* **Supplied data**:
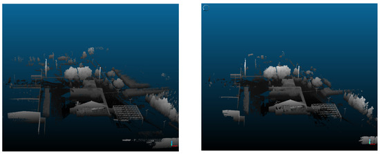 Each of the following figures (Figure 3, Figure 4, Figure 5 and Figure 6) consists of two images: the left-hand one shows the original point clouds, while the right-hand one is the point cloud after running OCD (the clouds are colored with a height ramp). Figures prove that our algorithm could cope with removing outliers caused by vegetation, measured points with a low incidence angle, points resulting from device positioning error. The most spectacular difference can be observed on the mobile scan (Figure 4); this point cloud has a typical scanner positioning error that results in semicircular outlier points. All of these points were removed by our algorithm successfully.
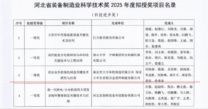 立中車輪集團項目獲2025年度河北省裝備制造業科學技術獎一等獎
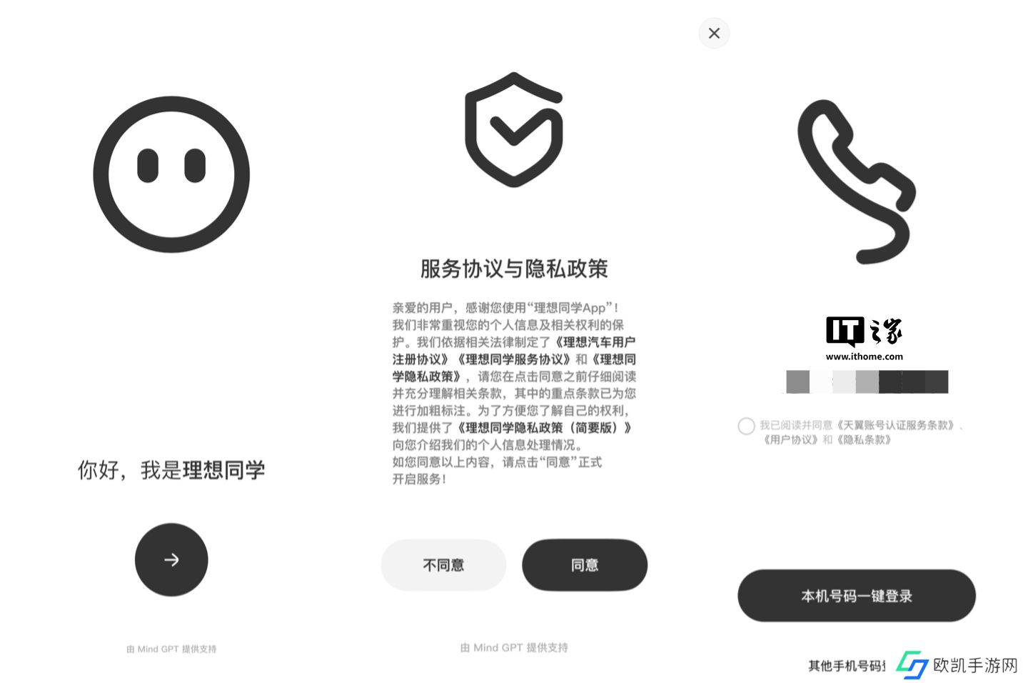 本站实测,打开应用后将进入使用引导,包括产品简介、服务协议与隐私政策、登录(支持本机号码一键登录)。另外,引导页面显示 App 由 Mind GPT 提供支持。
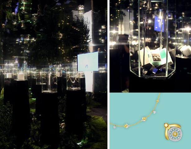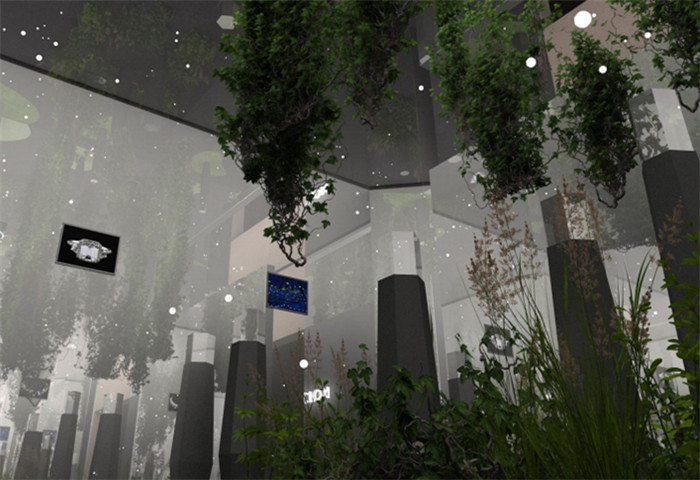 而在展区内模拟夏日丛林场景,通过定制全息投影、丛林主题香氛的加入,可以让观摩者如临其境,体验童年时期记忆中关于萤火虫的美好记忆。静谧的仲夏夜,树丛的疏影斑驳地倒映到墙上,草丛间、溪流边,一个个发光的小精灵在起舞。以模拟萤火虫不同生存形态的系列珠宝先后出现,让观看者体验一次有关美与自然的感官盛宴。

* **Exercise brief**: Reproduce word for word the lines from the one containing "Mind GPT 提供支持。" through the end of the data, both ends kept. Drop the pictures.

* **Output**:
 本站实测,打开应用后将进入使用引导,包括产品简介、服务协议与隐私政策、登录(支持本机号码一键登录)。另外,引导页面显示 App 由 Mind GPT 提供支持。
 而在展区内模拟夏日丛林场景,通过定制全息投影、丛林主题香氛的加入,可以让观摩者如临其境,体验童年时期记忆中关于萤火虫的美好记忆。静谧的仲夏夜,树丛的疏影斑驳地倒映到墙上,草丛间、溪流边,一个个发光的小精灵在起舞。以模拟萤火虫不同生存形态的系列珠宝先后出现,让观看者体验一次有关美与自然的感官盛宴。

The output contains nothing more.